Macron et Poutine relancent la course à l'arme atomique

Par la rédaction de Le Dossier · 2026-04-16
Illustration: Macron et Poutine relancent la course à l'arme atomique
© YouTube

Tchernobyl : de la catastrophe à la ligne de front

26 avril 1986. Une date gravée dans l’histoire. L’explosion du réacteur de Tchernobyl provoque une contamination radioactive massive. Des centaines de milliers de personnes évacuées. Une zone d’exclusion de 30 km instaurée. Quarante ans plus tard, les conséquences sanitaires rappellent l’ampleur de la tragédie.

Aujourd’hui, Tchernobyl est une ligne de front. Depuis l’invasion russe de l’Ukraine en 2022, les touristes n’y ont plus accès. Située à la frontière avec la Biélorussie, la centrale est aux mains des troupes russes. « Le cabinet du président Zelenski confirme le contrôle russe après de violents combats », explique Antonio Rimenko, ancien guide de Tchernobyl.

En février 2025, un drone russe frappe le sarcophage. « Un acte de terrorisme nucléaire », dénonce Rimenko. La sécurité est partiellement rétablie, mais la radioactivité reste préoccupante. Dans certaines zones, les mesures atteignent 600 micro rentgen par heure — la norme de sécurité est à 30. Et pourtant, les soldats ukrainiens remplacent les touristes.

Macron : l’arsenal français en hausse

« J’ai ordonné d’augmenter le nombre de têtes nucléaires de notre arsenal. » Emmanuel Macron lance une nouvelle ère atomique pour la France.
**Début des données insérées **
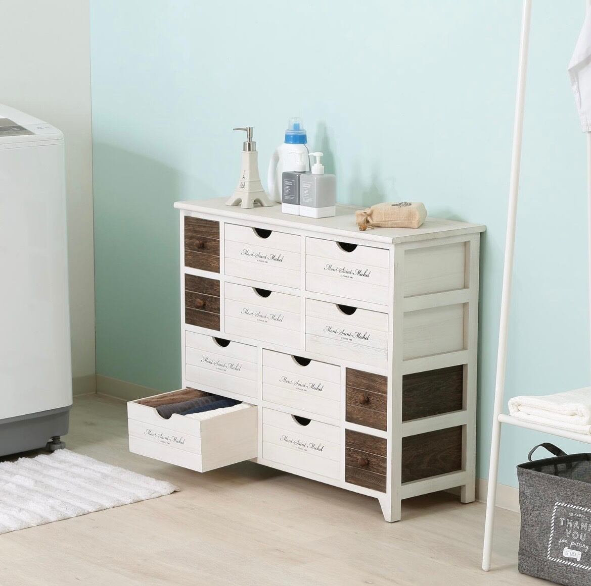心地よさと優雅さを兼ね備えた、【アンティークチェスト 4段 L ミッシェル2】。お部屋の雰囲気を引き立て、洗練された収納を実現するための必須アイテムです!

Il justifie cette décision par la nécessité de « perfectionner » la doctrine nucléaire. Mais pourquoi augmenter l’arsenal dans un contexte déjà tendu ?

La France compte environ 300 têtes nucléaires. Macron n’a pas précisé le nombre d’ogives supplémentaires, mais le message est clair : la France se prépare à une escalade. Cette annonce survient alors que Donald Trump relance les essais nucléaires américains — une première depuis la fin de la guerre froide.

Poutine : les menaces russes au premier plan

Vladimir Poutine dispose du plus grand arsenal nucléaire au monde. En 1991, après l’effondrement de l’URSS, le Kazakhstan, la Biélorussie et l’Ukraine cèdent leurs armes à la Russie en échange de garanties de sécurité. Une promesse aujourd’hui bafouée.

En 2021, Poutine expose sa doctrine : « Nous n’hésiterons pas à anéantir tout agresseur. Nos représailles seront inévitables. » Depuis, les menaces russes sont monnaie courante. Dimitri Kisseliov, présentateur de Russia Today, affirme : « Un seul missile Sarmat suffirait à faire sombrer le Royaume-Uni. »

En février 2025, un nouveau missile baptisé Harriik frappe l’Ukraine. Sans ogive nucléaire, mais le message est clair : la Russie a les moyens de frapper. Les experts estiment que ces menaces visent à intimider l’Occident et à empêcher toute intervention directe dans le conflit.

La Corée du Nord : Kim Jong-un à la manœuvre

Kim Jong-un ne reste pas inactif. La Corée du Nord poursuit son programme nucléaire malgré les sanctions internationales. Selon les services secrets sud-coréens, Kim Jong-un nomme sa fille, Kim Ju-ae, directrice du programme de missiles balistiques. L’arsenal nord-coréen compte une cinquantaine d’ogives. Chaque année, de nouveaux missiles sont testés.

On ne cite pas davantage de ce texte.